Photo: AstraZeneca Twitter

Belgium’s federal medicines agency has launched an investigation into AstraZeneca’s Covid-19 vaccine production site near Brussels following a request from the European Commission, in a move that could escalate the row between the European Union and the drugmaker over AstraZeneca’s decision to deliver only 40% of the promised 80 million Covid-19 vaccine doses to the bloc by the end of March.


- The first visit by Belgian regulators to AstraZeneca’s facility in Seneffe was completed on Wednesday and collected samples and records from the plant, the Guardian reported, citing the Belgian health ministry.

- The investigation into the plant was triggered by a request from the European Commission, the EU’s executive branch, reportedly due to doubts over AstraZeneca’s explanation as to why it was only planning to deliver 31 million doses of the vaccine to the bloc’s nations by March-end, instead of the promised 80 million.

- The AstraZeneca shot has not yet been approved for emergency use by the European Medicines Agency but the approval is expected on Friday.

- While the vaccine maker has said that the reduced availability in Europe is due to a production problem at the Belgian site, the EU is investigating if AstraZeneca has diverted any doses produced in the EU, to the U.K.

- Despite delays in delivering the vaccine in Europe, AstraZeneca has assured the U.K. government — which helped develop the vaccine along with the University of Oxford — that it will be able to successfully fulfill its total order of 100 million shots. 


In August, the EU signed a deal with AstraZeneca for a total of 300 million doses of its vaccine, with an option for 100 million more. 80 million of those doses were planned for delivery by the end of March but last week the company cut this number down to 31 million after reporting production delays at two of its plants in the Netherlands and Belgium. The cut back prompted an outcry from the EU which accused the drugmaker of giving the U.K. preferential treatment, where deliveries are on schedule. In an interview on Wednesday, AstraZeneca CEO Pascal Soriot pushed back against the EU’s assertion that the company was reneging on its contractual obligation, noting that in its agreement the company had only agreed to make its “best effort” to deliver a certain number of vaccine doses. Soriot also rejected demands from the EU to supply the bloc’s countries with vaccines from the U.K. plant to make up for the shortfall, saying that the U.K. government, which helped develop the vaccine, required shots produced in the country to stay in the U.K. before being exported elsewhere. Soriot also noted that the U.K.’s decision to sign a contract with AstraZeneca three months before the EU, allowed it to iron out early production glitches in Britain last year.
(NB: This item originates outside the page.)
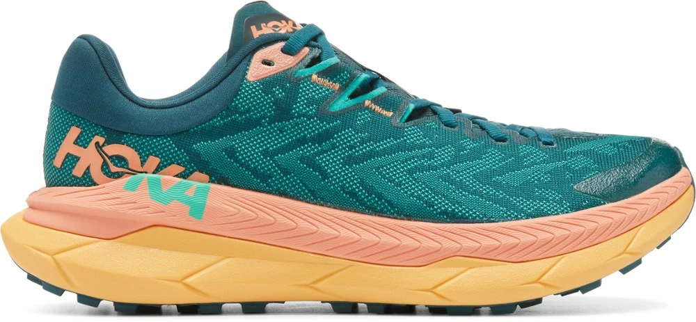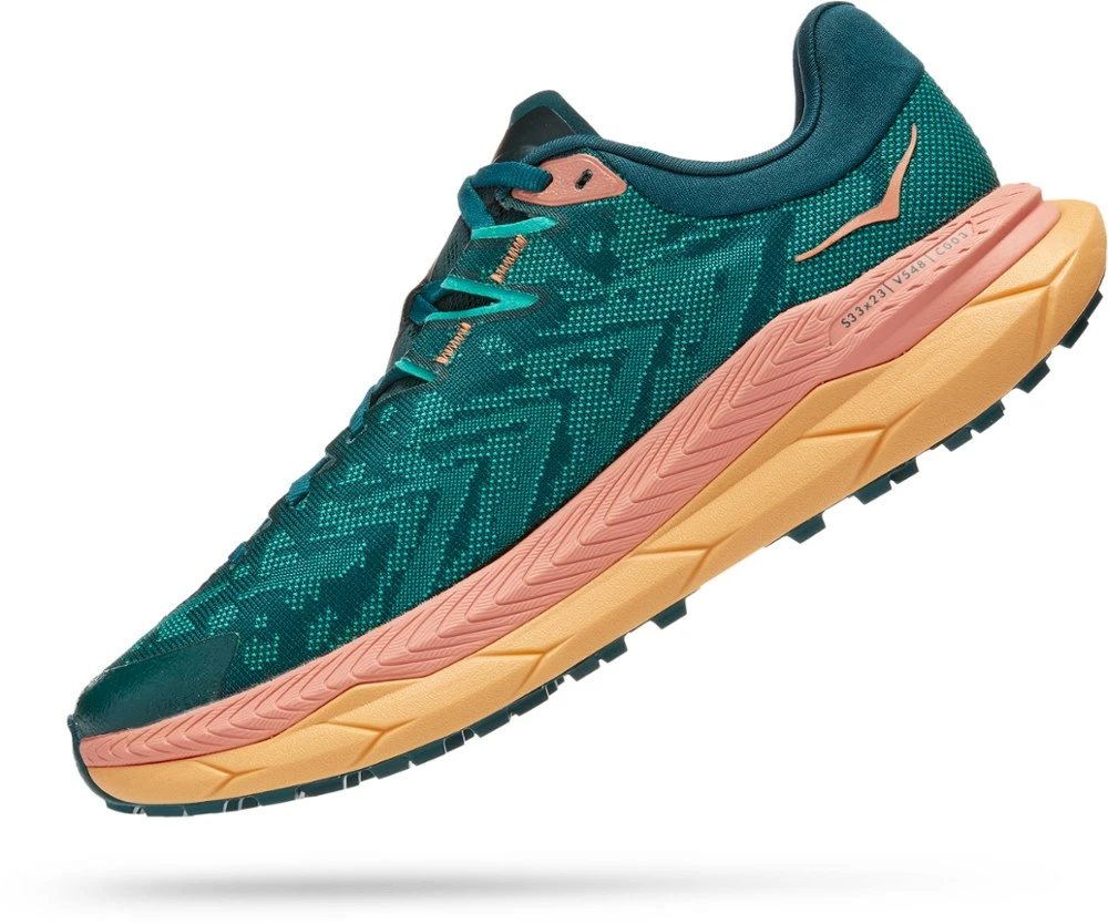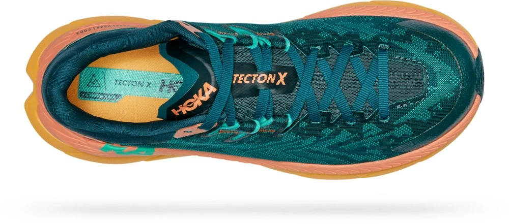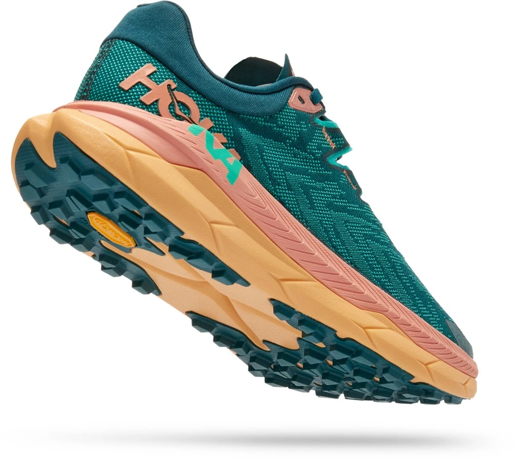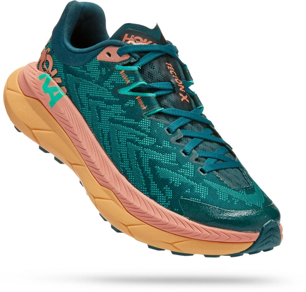 Built for speed and bolstered by Vibram® Megagrip, the HOKA Tecton X women’s trail-running shoes incorporate propulsive carbon fiber plates to unleash seismic potential on rugged trails.

On Wednesday, the EU’s health commissioner, Stella Kyriakides, rejected the drug maker’s argument and insisted that AstraZeneca should divert some of the doses made in the UK to make up for the shortfall. “We reject the logic of first come, first served. That may work in a butcher’s shop but not in contracts and not in our advanced purchase agreements.”


“Europe... wanted to be supplied more or less at the same time as the U.K., even though the contract was signed three months later,” Soriot said in his interview and noted that despite this, the EU, “is getting 17% of [AstraZeneca’s] global production in February… for 5% of the world population.” The bloc has previously called for equitable vaccine distribution around the world and has opposed “vaccine nationalism” where wealthy nations hoard supplies.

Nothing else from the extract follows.